══ Material for this task ══

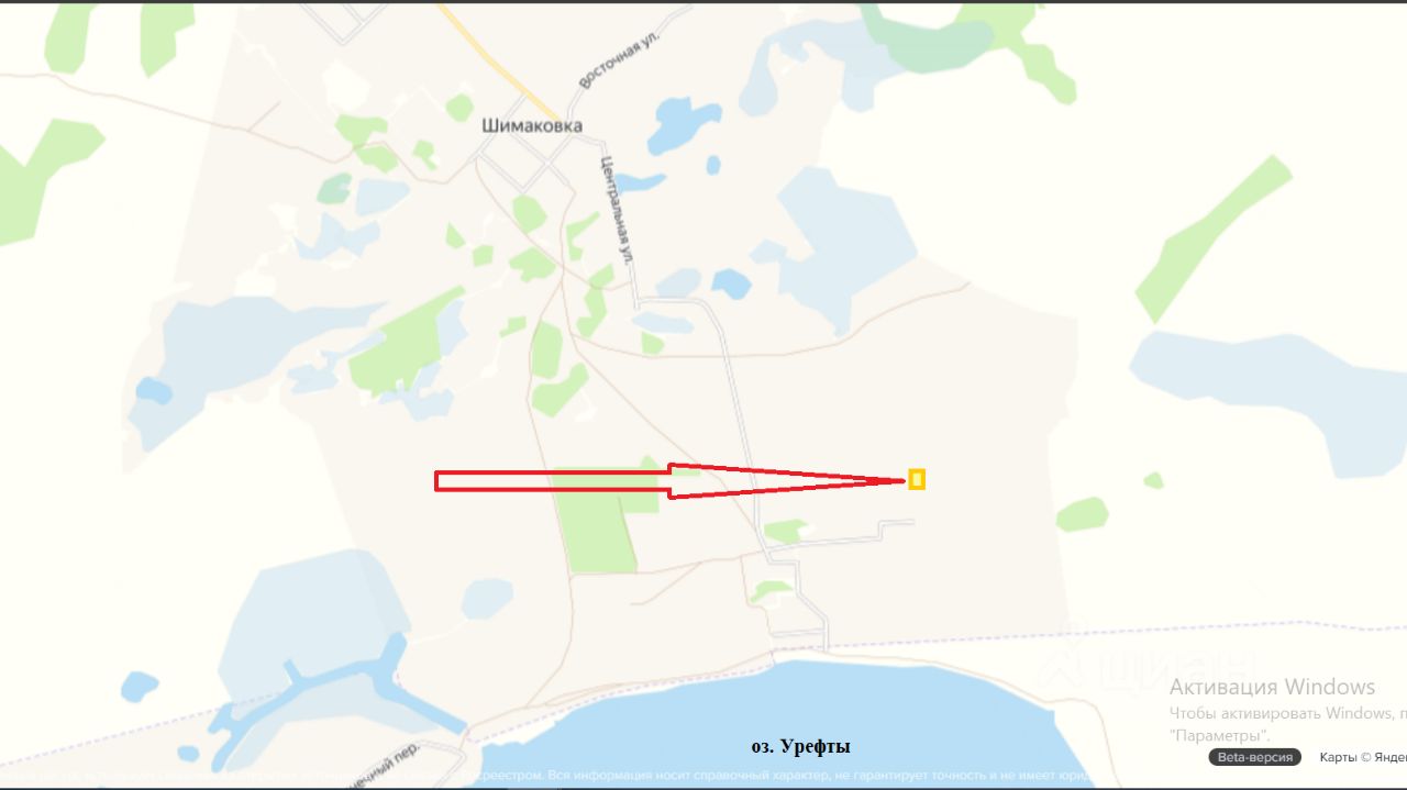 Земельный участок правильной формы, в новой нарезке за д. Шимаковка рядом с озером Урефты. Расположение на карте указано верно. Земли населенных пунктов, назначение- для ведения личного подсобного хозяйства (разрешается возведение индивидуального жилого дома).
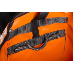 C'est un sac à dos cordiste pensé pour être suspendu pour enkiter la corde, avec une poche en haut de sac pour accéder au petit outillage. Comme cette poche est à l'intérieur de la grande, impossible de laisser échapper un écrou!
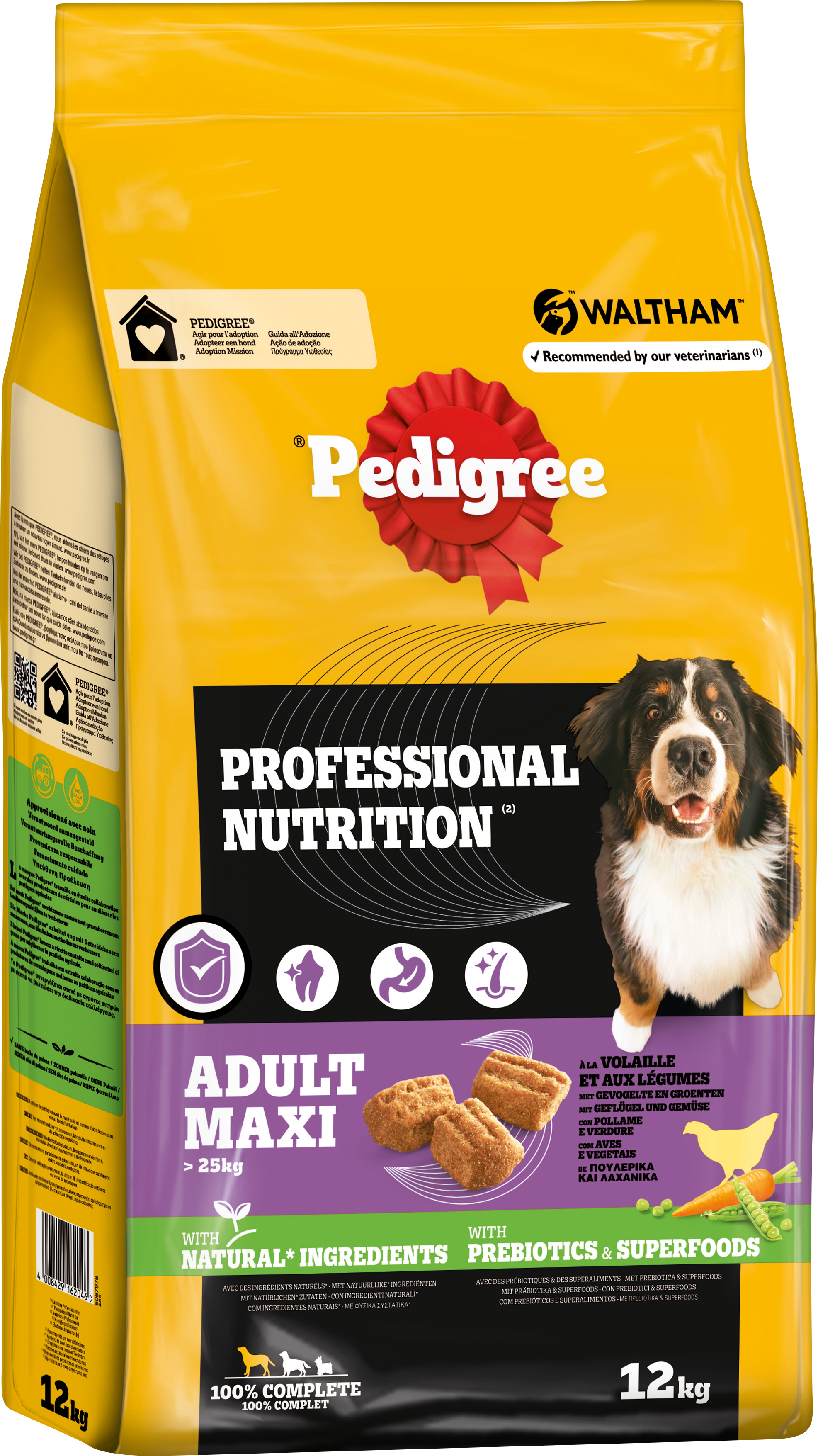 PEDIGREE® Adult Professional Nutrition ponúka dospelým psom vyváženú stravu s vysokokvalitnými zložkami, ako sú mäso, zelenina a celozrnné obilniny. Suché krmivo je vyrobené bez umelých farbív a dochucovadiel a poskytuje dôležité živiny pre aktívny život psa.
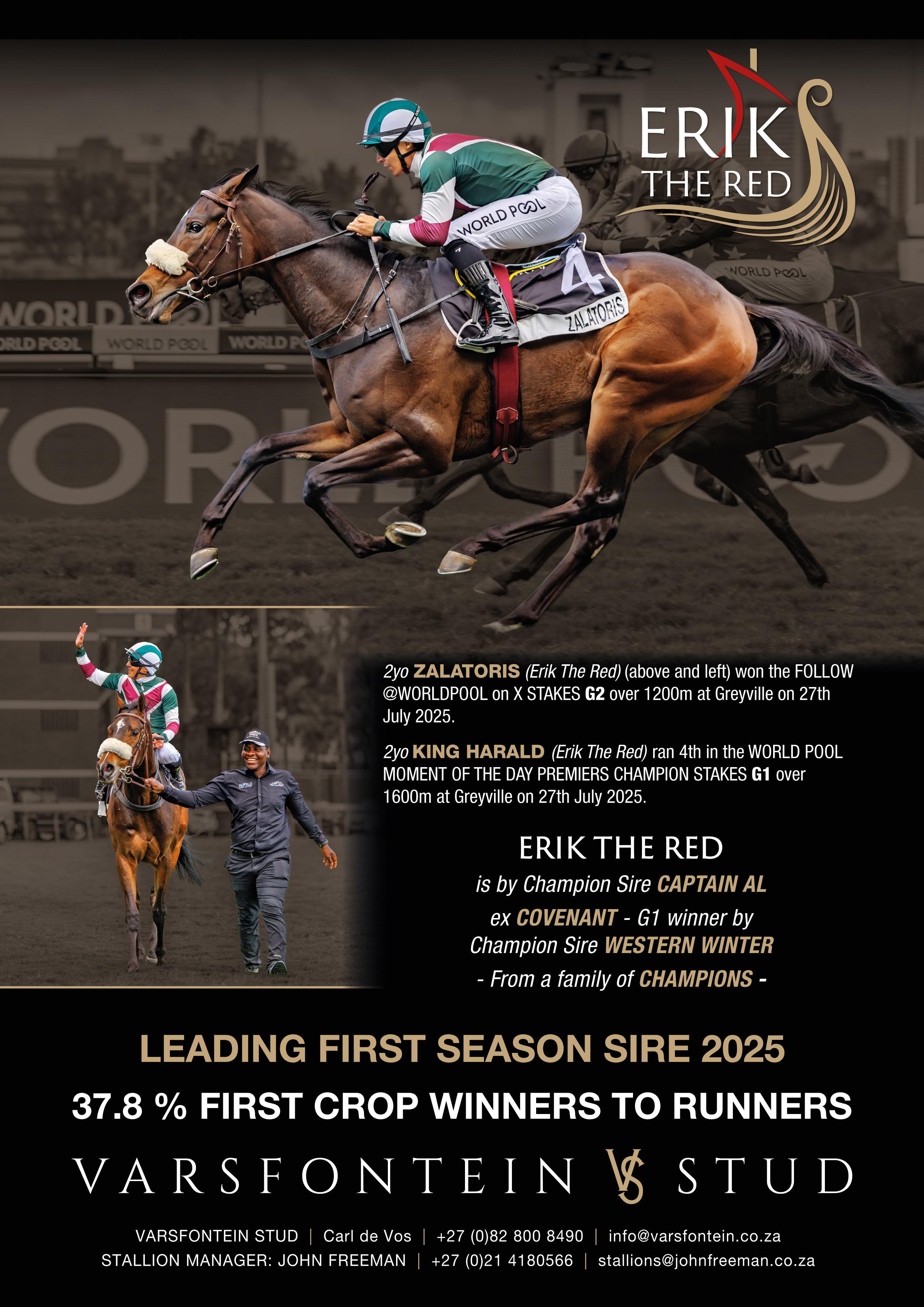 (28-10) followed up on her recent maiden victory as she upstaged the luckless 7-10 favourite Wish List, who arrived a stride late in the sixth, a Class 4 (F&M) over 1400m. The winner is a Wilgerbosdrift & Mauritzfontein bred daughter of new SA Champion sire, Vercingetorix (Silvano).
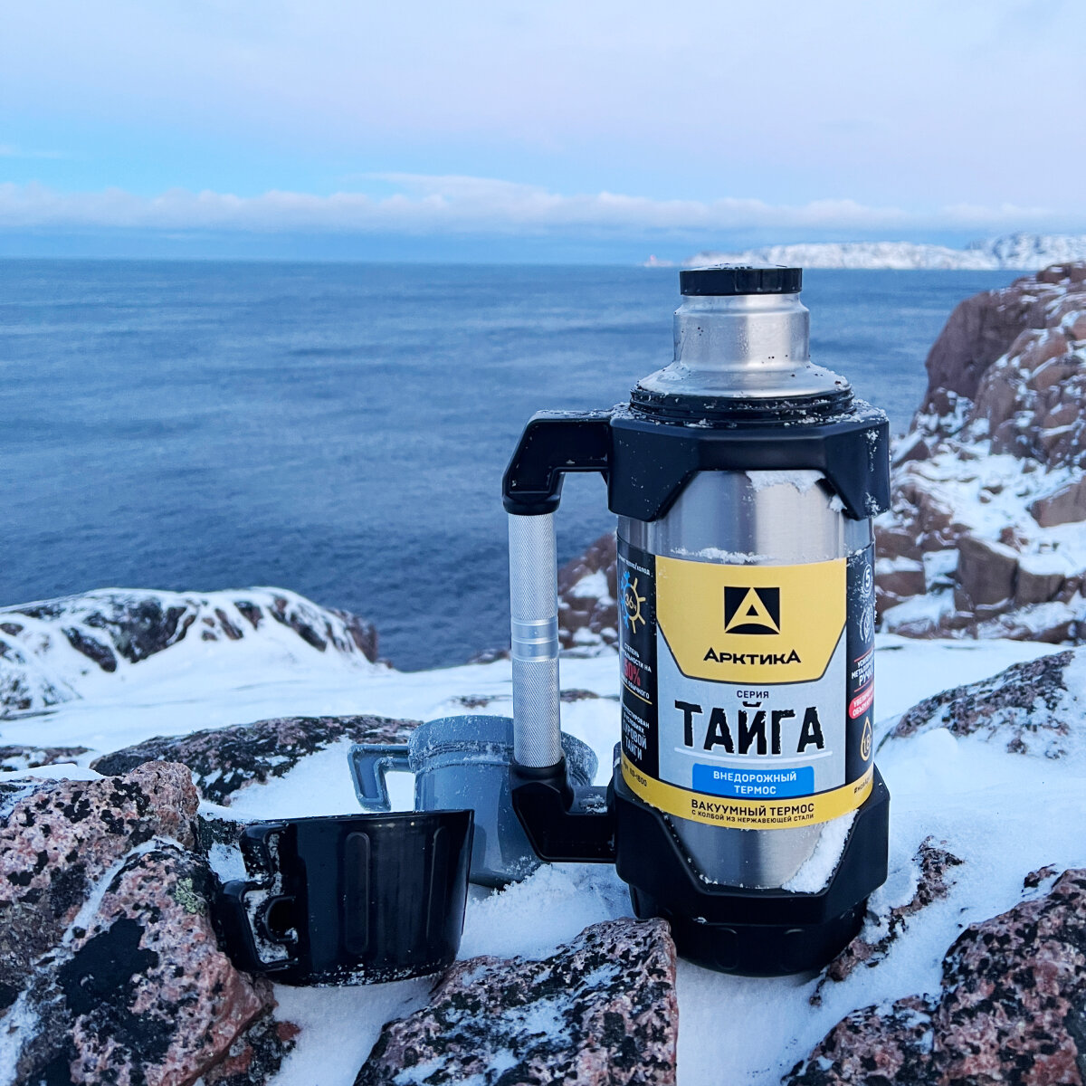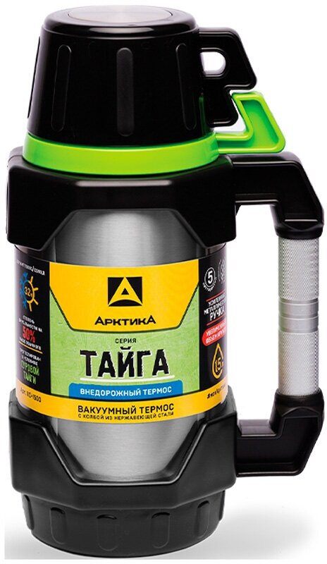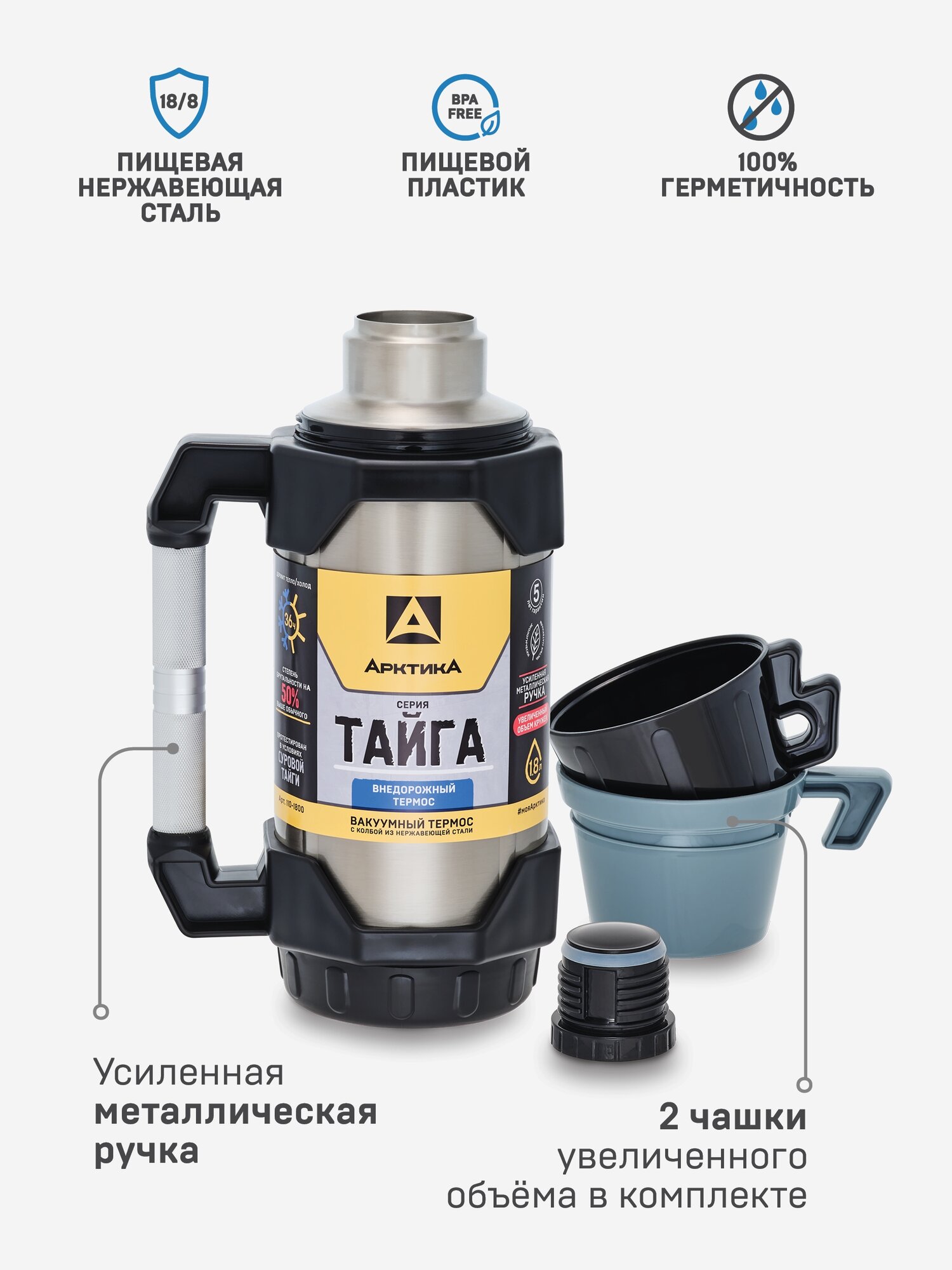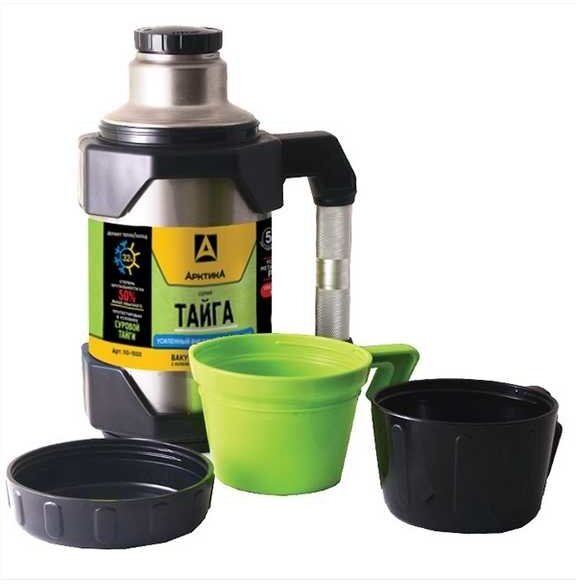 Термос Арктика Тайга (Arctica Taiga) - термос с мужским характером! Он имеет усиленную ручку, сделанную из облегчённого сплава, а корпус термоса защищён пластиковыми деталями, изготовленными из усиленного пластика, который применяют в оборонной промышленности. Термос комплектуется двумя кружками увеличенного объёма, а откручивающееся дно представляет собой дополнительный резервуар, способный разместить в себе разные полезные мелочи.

═══

Exercise:
Without the pictures, return the entries exactly as they appear.

Finished task:
 Земельный участок правильной формы, в новой нарезке за д. Шимаковка рядом с озером Урефты. Расположение на карте указано верно. Земли населенных пунктов, назначение- для ведения личного подсобного хозяйства (разрешается возведение индивидуального жилого дома).
 C'est un sac à dos cordiste pensé pour être suspendu pour enkiter la corde, avec une poche en haut de sac pour accéder au petit outillage. Comme cette poche est à l'intérieur de la grande, impossible de laisser échapper un écrou!
 PEDIGREE® Adult Professional Nutrition ponúka dospelým psom vyváženú stravu s vysokokvalitnými zložkami, ako sú mäso, zelenina a celozrnné obilniny. Suché krmivo je vyrobené bez umelých farbív a dochucovadiel a poskytuje dôležité živiny pre aktívny život psa.
 (28-10) followed up on her recent maiden victory as she upstaged the luckless 7-10 favourite Wish List, who arrived a stride late in the sixth, a Class 4 (F&M) over 1400m. The winner is a Wilgerbosdrift & Mauritzfontein bred daughter of new SA Champion sire, Vercingetorix (Silvano).
 Термос Арктика Тайга (Arctica Taiga) - термос с мужским характером! Он имеет усиленную ручку, сделанную из облегчённого сплава, а корпус термоса защищён пластиковыми деталями, изготовленными из усиленного пластика, который применяют в оборонной промышленности. Термос комплектуется двумя кружками увеличенного объёма, а откручивающееся дно представляет собой дополнительный резервуар, способный разместить в себе разные полезные мелочи.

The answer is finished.